- [TASK DETAILS]
Leave the pictures aside. Retype exactly the lines from the top of the data below through the one holding "事情的经过是这样的,筠连县法".

- [TASK DATA]
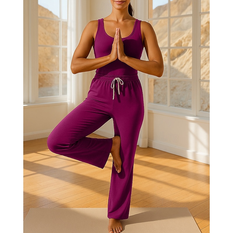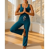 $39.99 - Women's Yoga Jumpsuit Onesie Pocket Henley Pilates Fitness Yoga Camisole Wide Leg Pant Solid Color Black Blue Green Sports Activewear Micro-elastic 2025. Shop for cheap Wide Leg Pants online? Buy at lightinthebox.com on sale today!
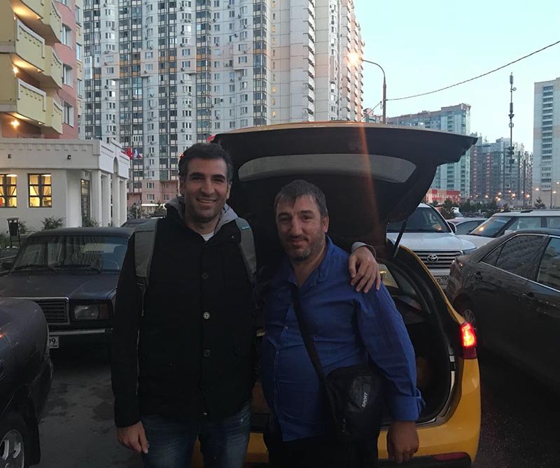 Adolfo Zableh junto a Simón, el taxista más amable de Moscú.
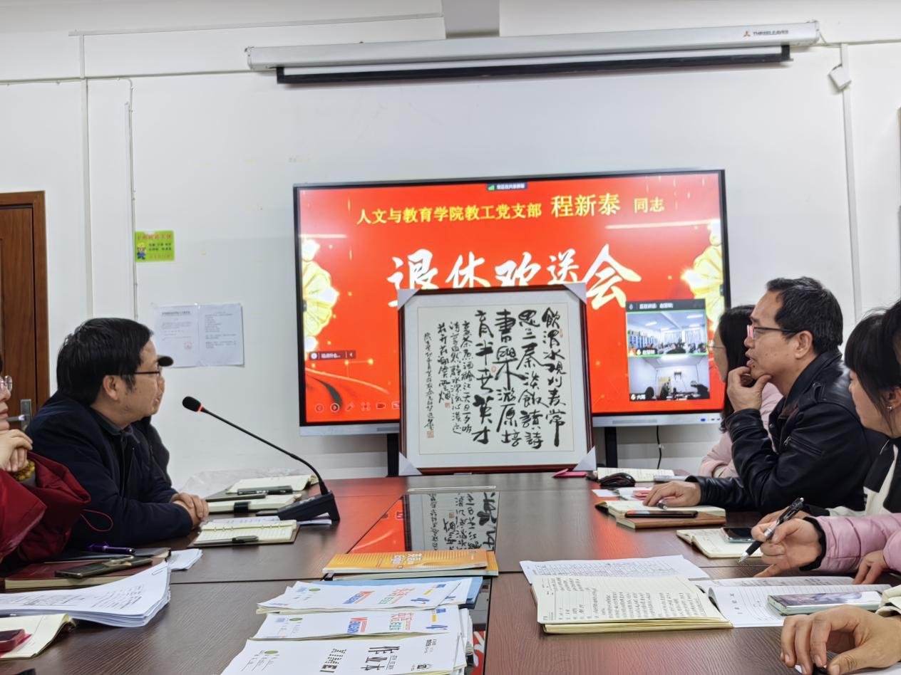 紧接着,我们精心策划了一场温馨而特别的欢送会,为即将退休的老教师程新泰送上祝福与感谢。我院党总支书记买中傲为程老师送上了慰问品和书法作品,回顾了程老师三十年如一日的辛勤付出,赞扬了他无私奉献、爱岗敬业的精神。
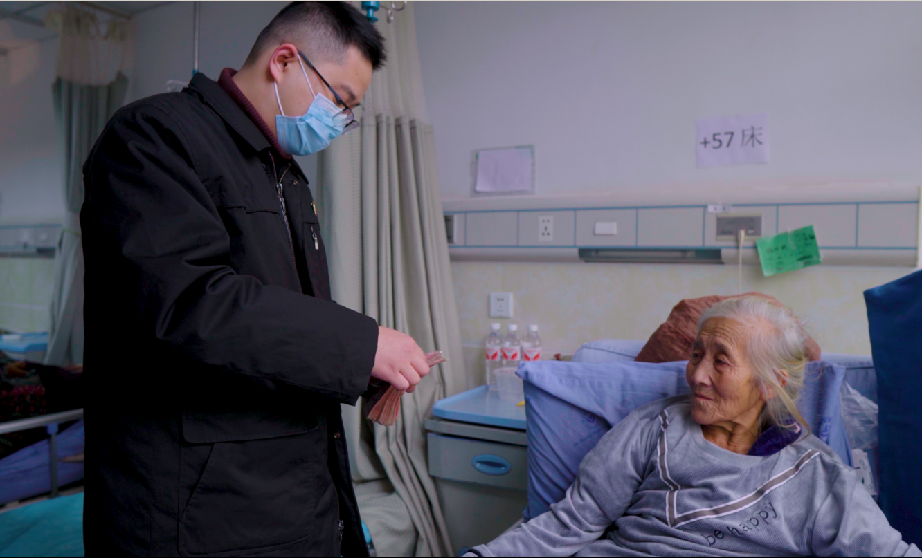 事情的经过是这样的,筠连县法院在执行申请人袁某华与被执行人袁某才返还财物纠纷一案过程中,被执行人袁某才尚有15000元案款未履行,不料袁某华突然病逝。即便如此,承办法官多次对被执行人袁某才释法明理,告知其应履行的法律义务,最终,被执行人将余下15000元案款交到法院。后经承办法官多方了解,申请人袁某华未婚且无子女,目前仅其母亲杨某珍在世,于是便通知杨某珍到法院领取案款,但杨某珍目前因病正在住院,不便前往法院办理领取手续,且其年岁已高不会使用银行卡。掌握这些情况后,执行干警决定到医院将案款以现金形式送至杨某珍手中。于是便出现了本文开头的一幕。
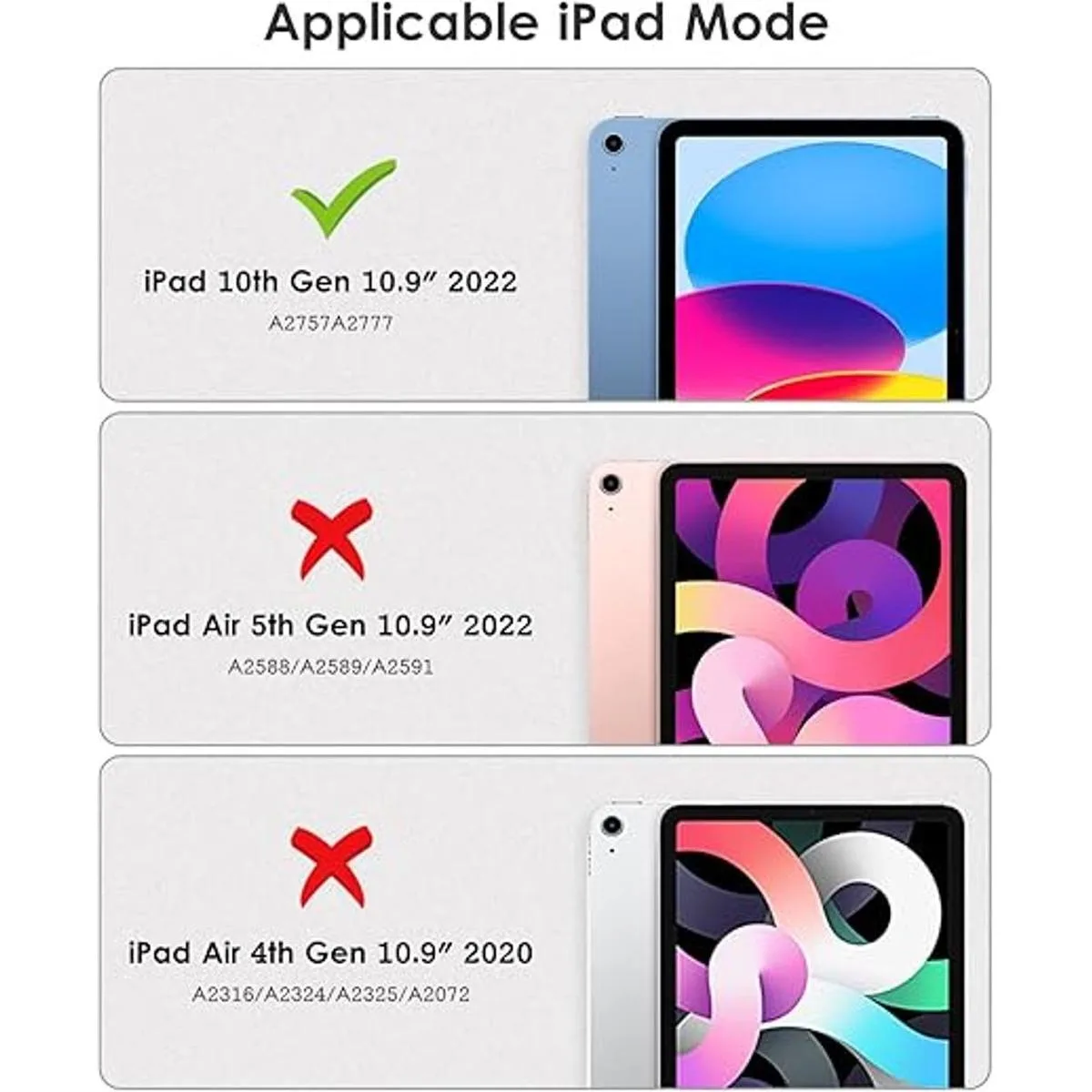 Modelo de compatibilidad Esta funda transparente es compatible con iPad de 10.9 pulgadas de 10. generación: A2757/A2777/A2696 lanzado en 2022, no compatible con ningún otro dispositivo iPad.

- [ANSWER TO THIS EXERCISE]
 $39.99 - Women's Yoga Jumpsuit Onesie Pocket Henley Pilates Fitness Yoga Camisole Wide Leg Pant Solid Color Black Blue Green Sports Activewear Micro-elastic 2025. Shop for cheap Wide Leg Pants online? Buy at lightinthebox.com on sale today!
 Adolfo Zableh junto a Simón, el taxista más amable de Moscú.
 紧接着,我们精心策划了一场温馨而特别的欢送会,为即将退休的老教师程新泰送上祝福与感谢。我院党总支书记买中傲为程老师送上了慰问品和书法作品,回顾了程老师三十年如一日的辛勤付出,赞扬了他无私奉献、爱岗敬业的精神。
 事情的经过是这样的,筠连县法院在执行申请人袁某华与被执行人袁某才返还财物纠纷一案过程中,被执行人袁某才尚有15000元案款未履行,不料袁某华突然病逝。即便如此,承办法官多次对被执行人袁某才释法明理,告知其应履行的法律义务,最终,被执行人将余下15000元案款交到法院。后经承办法官多方了解,申请人袁某华未婚且无子女,目前仅其母亲杨某珍在世,于是便通知杨某珍到法院领取案款,但杨某珍目前因病正在住院,不便前往法院办理领取手续,且其年岁已高不会使用银行卡。掌握这些情况后,执行干警决定到医院将案款以现金形式送至杨某珍手中。于是便出现了本文开头的一幕。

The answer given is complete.